Monday, December 22, 2008

Internet Access and Intellectual Freedom

Last year, Andrew Keen published The Cult of the Amateur: How Today’s Internet Is Killing Our Culture.

Though some critics simply view Keen as a crank, The NYT's Michiko Kakutani offered a favorable review:
This book, which grew out of a controversial essay published ... by The Weekly Standard, is a shrewdly argued jeremiad against the digerati effort to dethrone cultural and political gatekeepers and replace experts with the "wisdom of the crowd." Although Mr. Keen wanders off his subject in the later chapters of the book--to deliver some generic, moralistic rants against Internet evils like online gambling and online pornography--he writes with acuity and passion about the consequences of a world in which the lines between fact and opinion, informed expertise and amateurish speculation are willfully blurred.
Keen just published another essay, "The Internet Is Bad for You," over at

President-elect Obama intends to provide every U.S. citizen with broadband Internet access.
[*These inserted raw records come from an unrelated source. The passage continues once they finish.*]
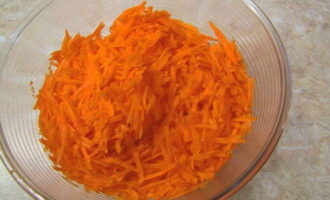 Rasp de wortelen. Om dit te doen, kunt u een grove rasp of een keukenmachine nemen.
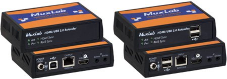 The MuxLab <strong>500457</strong> HDMI/USB 2.0 Extender Kit allows one HDMI 1.4 and one USB 2.0 channel to be transmitted up to 330ft (100m) at all resolutions up to 1920?1200 @ 60Hz via one (1) Cat 5e/6 cable in a point-to-point configuration. The receive side includes a 4-port USB 2.0 hub, supporting KVM applications. Bi-directional IR transmission is supported.</p><p>Typical KVM applications include: <br />Commercial and residential AV systems<br />Classroom projector system<br />Boardroom systems<br />Collaborative PC systems<br />Medical information systems</p>
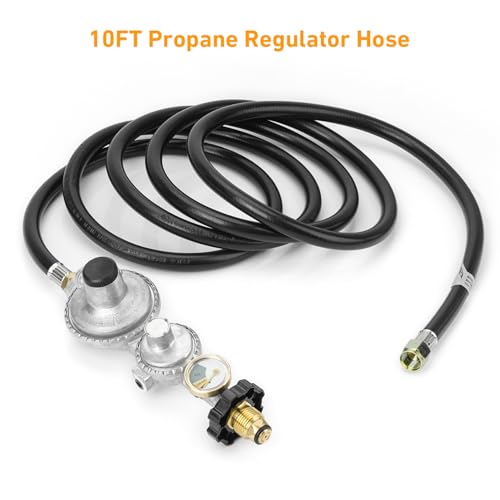 The 10FT propane regulator hose is made of high quality rubber, which is durable and has a long service life, with stands weather, scratching, denting and corroding.

In response, Keen argues that bad economic times, combined with a "radically unregulated Internet" available to millions of potentially unemployed (and disgruntled) Americans, will ultimately lead to "digital fascism."
Silicon Valley utopians argue that blaming the Internet for online hatred is like blaming Johannes Gutenberg, the 15th century inventor of the moveable type printing press, for Mein Kampf. And that’s true, of course. Yet given the way in which we know that the unfiltered Internet spreads corrosive lies and inflames prejudice, why would we want to give all Americans universal broadband access at the very moment when millions of them will be unemployed, disorientated and angry? Rather than spending billions of dollars in telecom technology, wouldn’t it be better to invest that money in local libraries and librarians, where their education could be supervised by accountable human beings.
Keen makes some thought-provoking points.

But he might read closely the American Library Association's "Intellectual Freedom and Censorship Q & A" and "American Library Basics."

Both documents perhaps challenge his idea that librarians should provide "supervision"--which sounds a lot like "gatekeeping" in Keen's description--for which they are accountable (but to whom exactly?).
What Is Intellectual Freedom?

Intellectual freedom is the right of every individual to both seek and receive information from all points of view without restriction. It provides for free access to all expressions of ideas through which any and all sides of a question, cause or movement may be explored.

Why Is Intellectual Freedom Important?

Intellectual freedom is the basis for our democratic system. We expect our people to be self-governors. But to do so responsibly, our citizenry must be well-informed. Libraries provide the ideas and information, in a variety of formats, to allow people to inform themselves.

Intellectual freedom encompasses the freedom to hold, receive and disseminate ideas.
If you enjoy Keen's contrarianism, have a look at Lee Siegel's Against the Machine: Being Human in the Age of the Electronic Mob.